Collection entries:
====

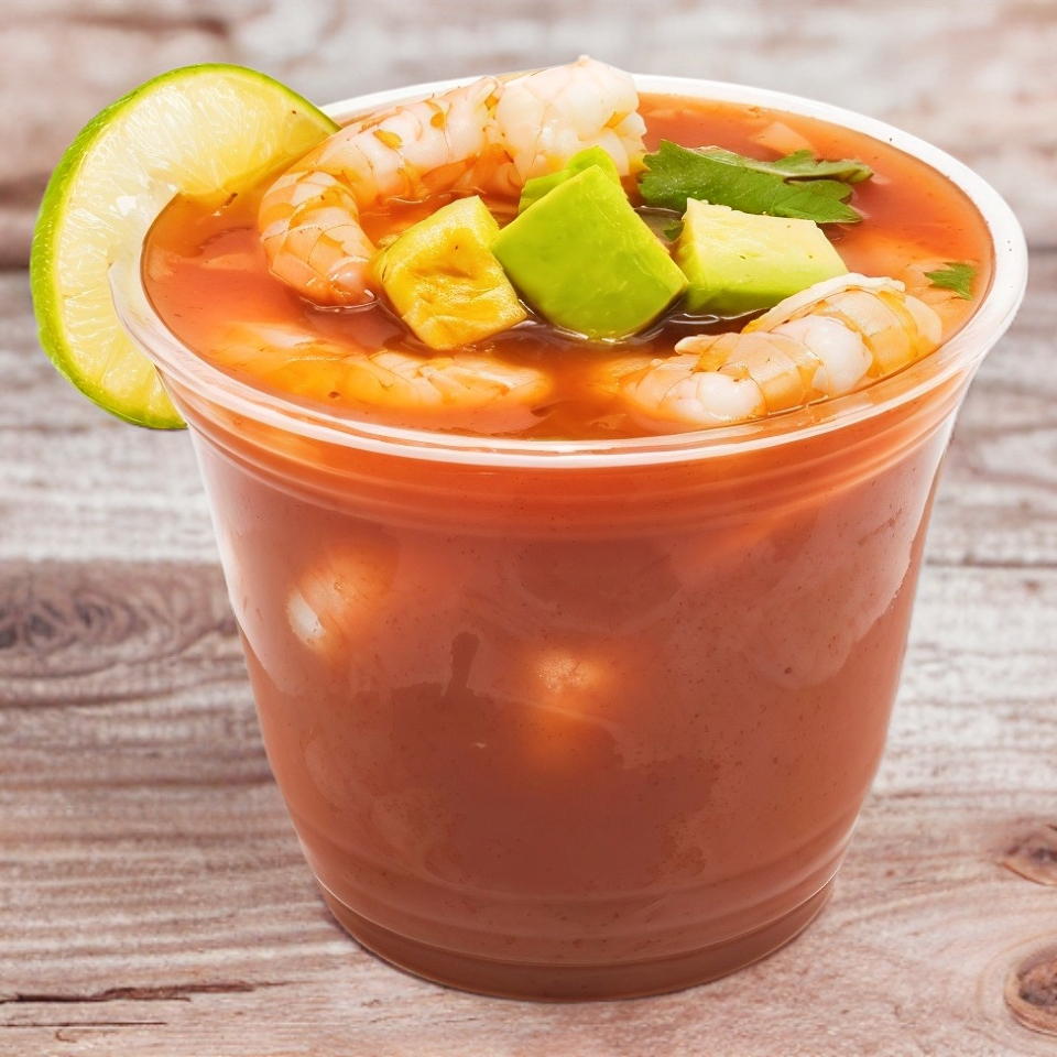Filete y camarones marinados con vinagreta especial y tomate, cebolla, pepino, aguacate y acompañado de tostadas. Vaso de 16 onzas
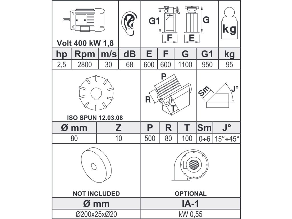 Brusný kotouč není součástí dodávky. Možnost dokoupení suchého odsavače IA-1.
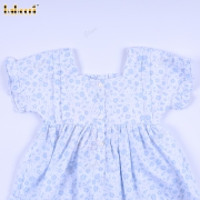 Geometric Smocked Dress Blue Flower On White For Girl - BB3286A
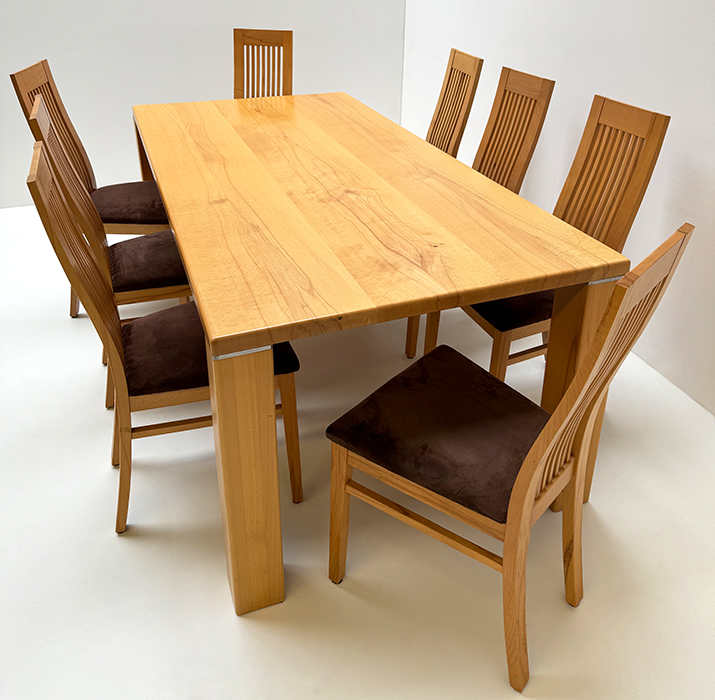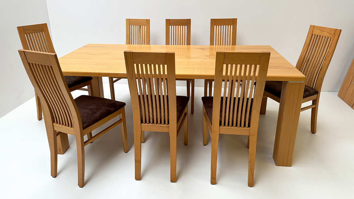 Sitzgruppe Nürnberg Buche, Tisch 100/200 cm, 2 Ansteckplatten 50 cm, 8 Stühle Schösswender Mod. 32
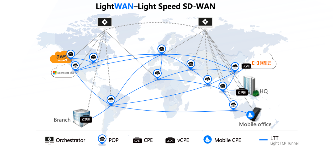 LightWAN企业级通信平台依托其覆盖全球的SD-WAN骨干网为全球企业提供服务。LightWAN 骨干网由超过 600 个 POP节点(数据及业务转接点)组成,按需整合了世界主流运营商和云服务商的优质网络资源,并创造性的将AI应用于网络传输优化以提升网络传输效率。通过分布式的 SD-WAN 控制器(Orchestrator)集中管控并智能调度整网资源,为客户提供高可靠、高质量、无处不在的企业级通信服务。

====

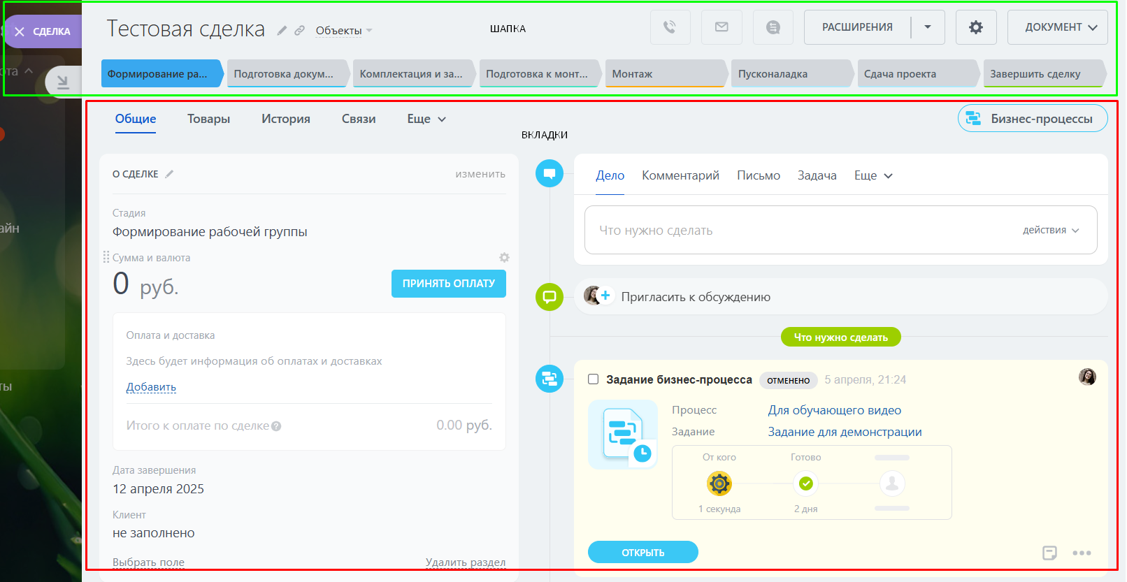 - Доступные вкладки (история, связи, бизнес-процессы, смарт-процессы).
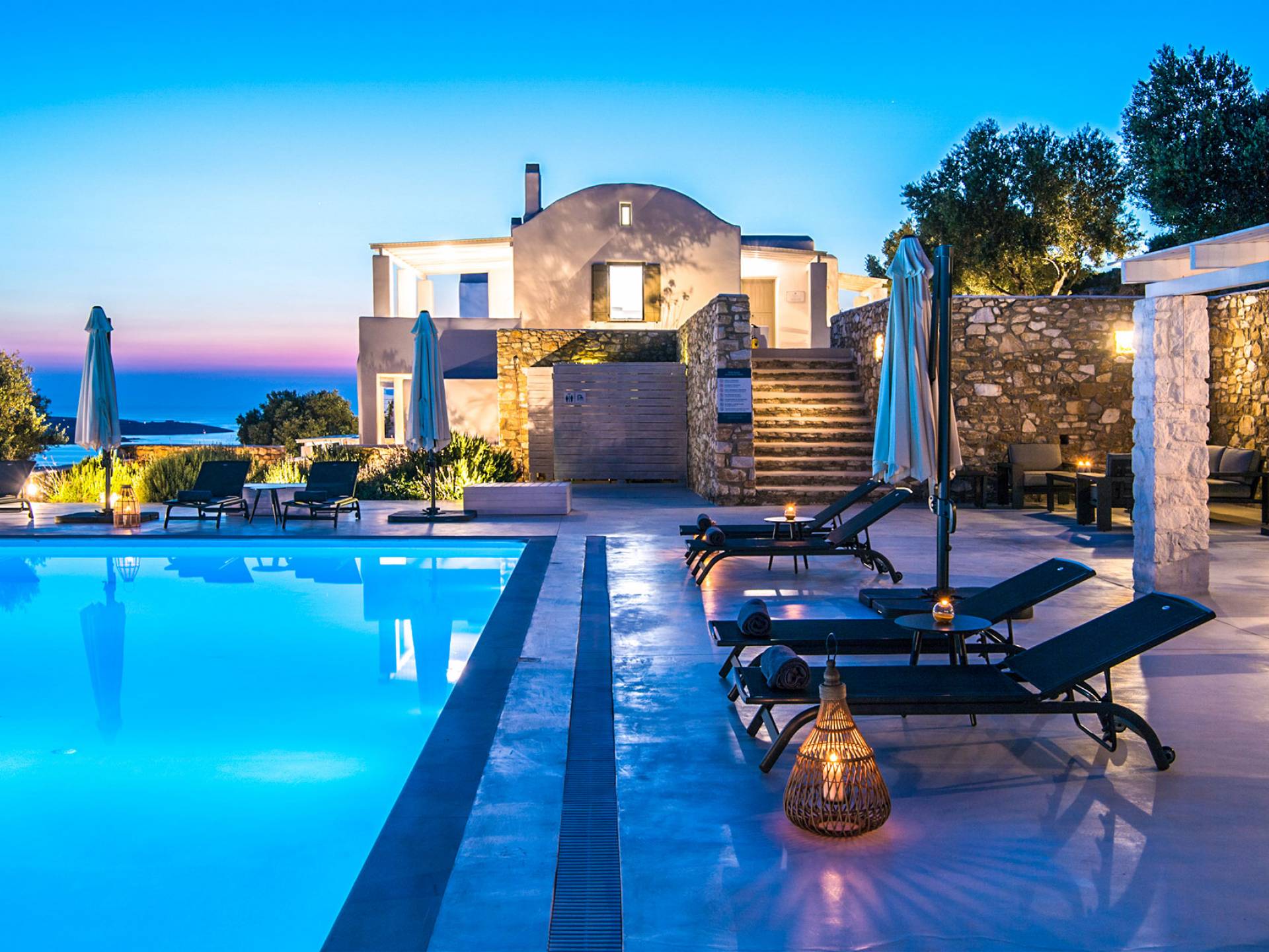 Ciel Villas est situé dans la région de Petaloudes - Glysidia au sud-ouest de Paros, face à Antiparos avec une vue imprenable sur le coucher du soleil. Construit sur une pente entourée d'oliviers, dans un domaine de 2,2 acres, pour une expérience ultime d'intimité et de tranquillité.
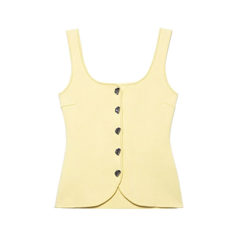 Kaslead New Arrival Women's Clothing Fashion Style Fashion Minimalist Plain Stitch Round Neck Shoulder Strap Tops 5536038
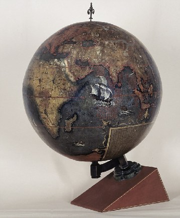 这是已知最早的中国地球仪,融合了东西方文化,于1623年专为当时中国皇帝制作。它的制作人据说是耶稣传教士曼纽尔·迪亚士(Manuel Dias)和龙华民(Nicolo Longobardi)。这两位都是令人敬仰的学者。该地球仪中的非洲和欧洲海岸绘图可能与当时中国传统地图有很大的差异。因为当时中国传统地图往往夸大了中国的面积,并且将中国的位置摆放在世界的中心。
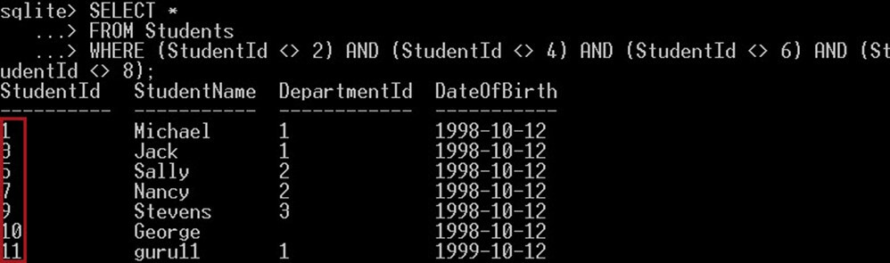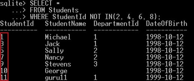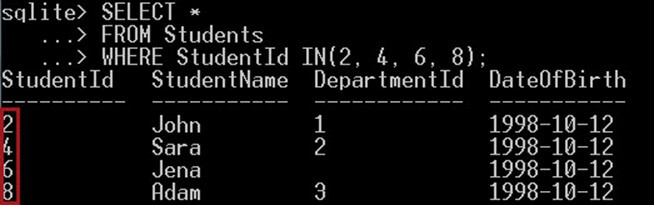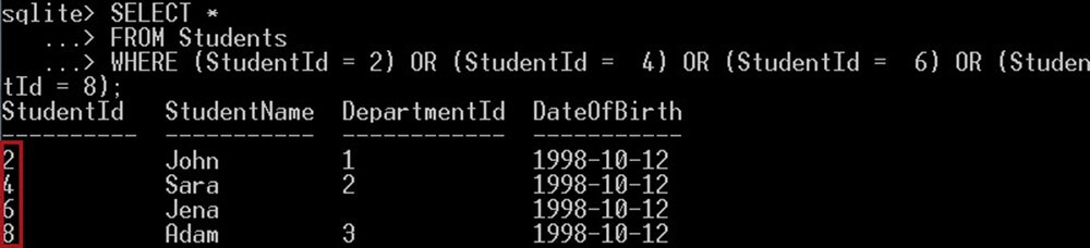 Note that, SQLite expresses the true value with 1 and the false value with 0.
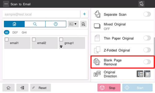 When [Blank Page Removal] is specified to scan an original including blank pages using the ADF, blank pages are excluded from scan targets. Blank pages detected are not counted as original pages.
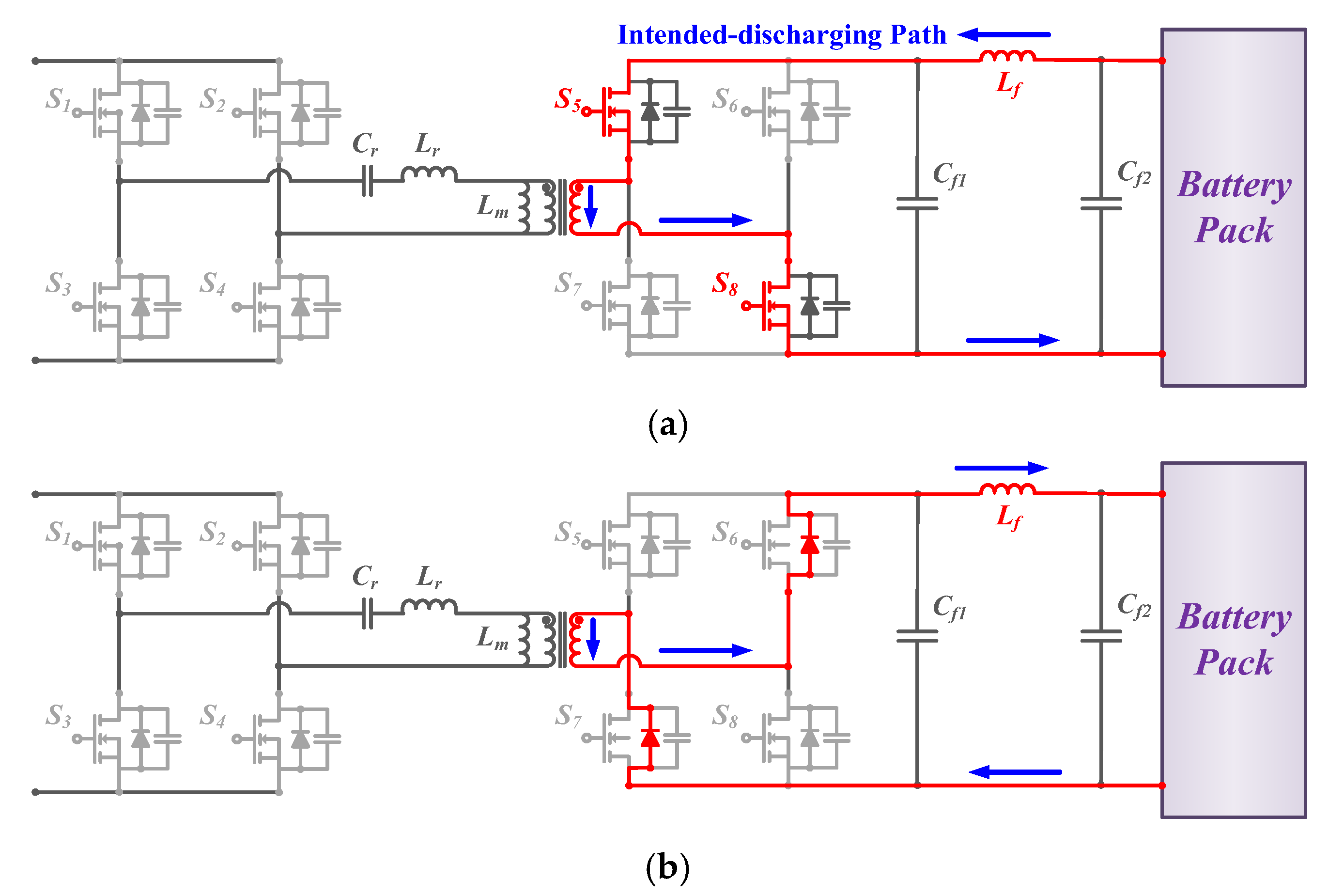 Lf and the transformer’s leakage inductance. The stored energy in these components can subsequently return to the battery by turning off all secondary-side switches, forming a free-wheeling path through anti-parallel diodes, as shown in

====

Each line above starting at the one holding "Filete y camarones" and ending at the one holding "LightWAN企业级通信平台依托其覆盖全球的SD-WAN骨干网为全球企业提供服务。LightWAN 骨干网由超过 600" should be set down exactly as it stands, both ends included, with no pictures.

Filete y camarones marinados con vinagreta especial y tomate, cebolla, pepino, aguacate y acompañado de tostadas. Vaso de 16 onzas
 Brusný kotouč není součástí dodávky. Možnost dokoupení suchého odsavače IA-1.
 Geometric Smocked Dress Blue Flower On White For Girl - BB3286A
 Sitzgruppe Nürnberg Buche, Tisch 100/200 cm, 2 Ansteckplatten 50 cm, 8 Stühle Schösswender Mod. 32
 LightWAN企业级通信平台依托其覆盖全球的SD-WAN骨干网为全球企业提供服务。LightWAN 骨干网由超过 600 个 POP节点(数据及业务转接点)组成,按需整合了世界主流运营商和云服务商的优质网络资源,并创造性的将AI应用于网络传输优化以提升网络传输效率。通过分布式的 SD-WAN 控制器(Orchestrator)集中管控并智能调度整网资源,为客户提供高可靠、高质量、无处不在的企业级通信服务。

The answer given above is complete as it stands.